The Real Reason Most People Fail At Language Learning

It is my firm belief that one of the main reasons why so many people do not learn foreign languages, or why so many people fail at learning foreign languages, is that they simply do not know how to do it. This is the worst kind of problem, because it is a problem whose existence is invisible.

It's easy to find solutions to problems when you know they exist, but when you don't know you have a problem your chance of finding an answer is very small. Not knowing how to learn foreign languages, people turn to classrooms, tutors, software, books, or other products which are really only designed to teach the workings of a language, but not to teach how to learn it, or to use it.

So how do you learn a foreign language? That's the real question then, isn't it? If most people don't know how to learn a foreign language, what is it that they don't know? If you happen to be one of those people, what can I tell you that will help to change that? The answer is a lot of the same things I've been saying all along.

Create urgency

The first thing that you have to do is create urgency. Take away the path of least resistance. If you spend all of your time happily functioning in your native language it will take you forever to learn anything in a new one.

As a programmer, when I want to learn a new programming language, I could spend weeks studying it but very little would make sense and I would just get bored. Instead, if I want to learn a new language, I start a brand new project and use that language. Sure, it's difficult... and slow... but with a real, tangible set of needs in front of me, I learn a lot quickly! The same applies for learning a spoken language.

If you're anything like me, you probably use Facebook regularly. You might also use Twitter. Maybe you're the type of person who likes to watch YouTube videos or look for look at funny pictures.
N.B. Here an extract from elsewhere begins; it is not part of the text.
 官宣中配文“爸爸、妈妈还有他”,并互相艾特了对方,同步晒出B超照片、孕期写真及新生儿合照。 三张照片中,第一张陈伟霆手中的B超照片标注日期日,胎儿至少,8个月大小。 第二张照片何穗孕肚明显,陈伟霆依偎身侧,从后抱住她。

Doing those things in a new language doesn't require much effort on your part, because you already know how to do them. You don't need instructions or translations.

I am learning more Greek from following Greek people on Twitter than anything I am learning from any book. Sure, I still have to go to Google Translate and look up a lot of words I don't know, but I'm seeing these words in real-life usage rather than in the sterile, constructed sentences of a lesson book.

Use the language

We're not all travel bloggers, permanently moving to a new country where we can then learn our new language through immersion, and it's not often that a change of residence can coincide with our language learning plans, but there are still plenty of things we can do to force ourselves to use a new language while we learn.
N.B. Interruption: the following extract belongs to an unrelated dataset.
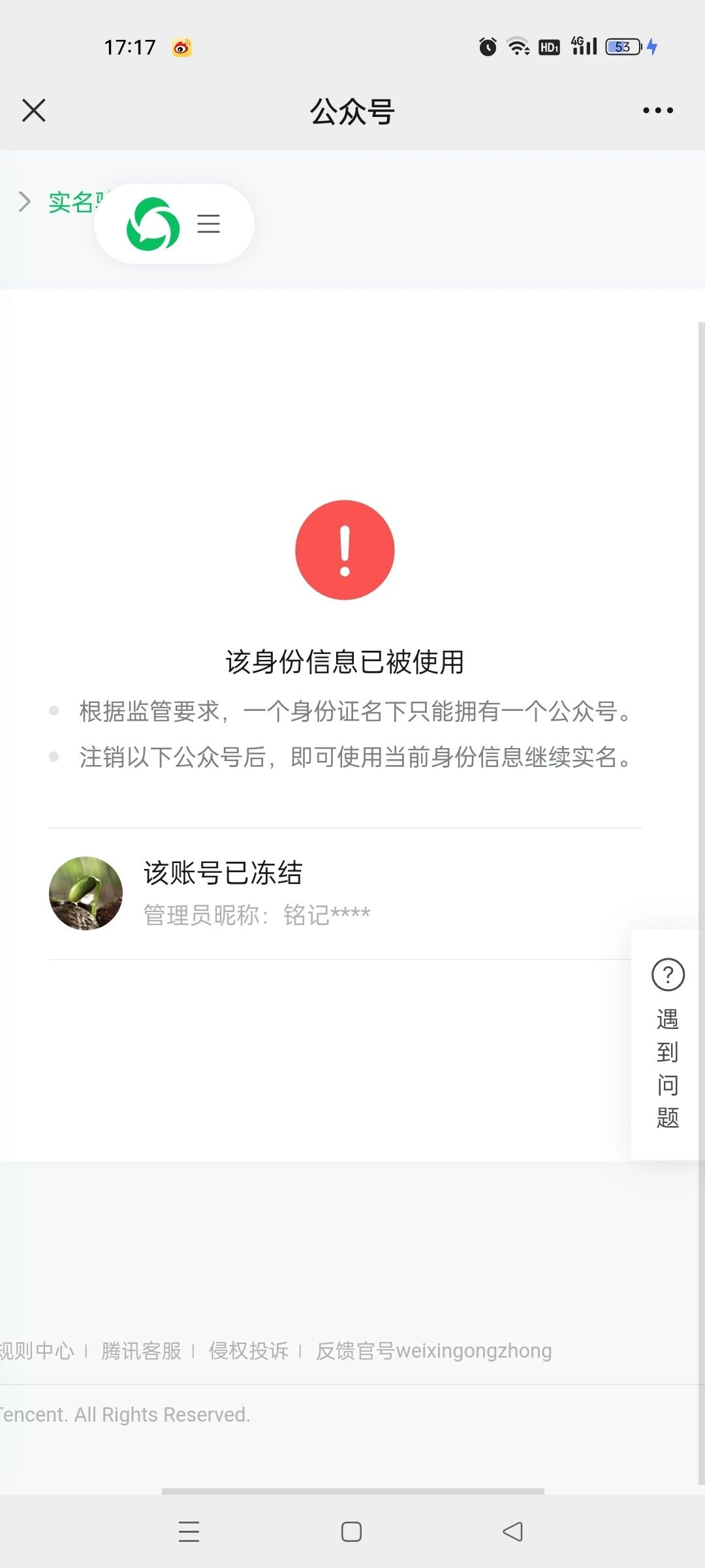 以前的公众号被冻结了,如何解除身份证的绑定?而且通过账号找回也显示不支持此公众号找回?该怎么解除身份证绑定?我想要重新注册一个公众号。

Two years ago, while I was learning Italian, I wrote about subscribing to blogs in foreign languages about things that interest you. I'm no longer focused on learning Italian, but I still read the Italian travel blogs I mentioned every day. I can't say the same about any lesson book I've ever read! I enjoy reading about travel, so doing it in another language is easy... and fun! In fact, I just recently found some Greek blogs to start reading.
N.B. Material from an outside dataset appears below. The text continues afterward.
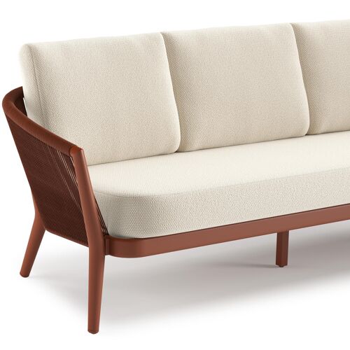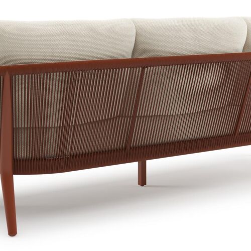Orso loungebank in roestbruin aluminium en roestbruin verticaal geweven ronde rope met Althea Off White all weather cosytica kussen | Exterioo

You probably have a smartphone — maybe an iPhone or an Android. You use it every day, and you know where your apps are and what the icons look like. You don't really need that to be in your native language, do you? Switch it! Sure, there will be some things that confuse you from time to time, but you'll also learn a lot of new vocabulary out of necessity, just from using the language. And you can do the same with Google, Facebook, even your whole computer. Why not?

If you've spent any time in the language learning community online, you've heard about this phrase "comprehensible input" — target-language input which can be understood. What better way to get comprehensible input than to steal it away from your native language!

I'm fond of saying it: You are what you do. The way to learn a new language is clear: use it.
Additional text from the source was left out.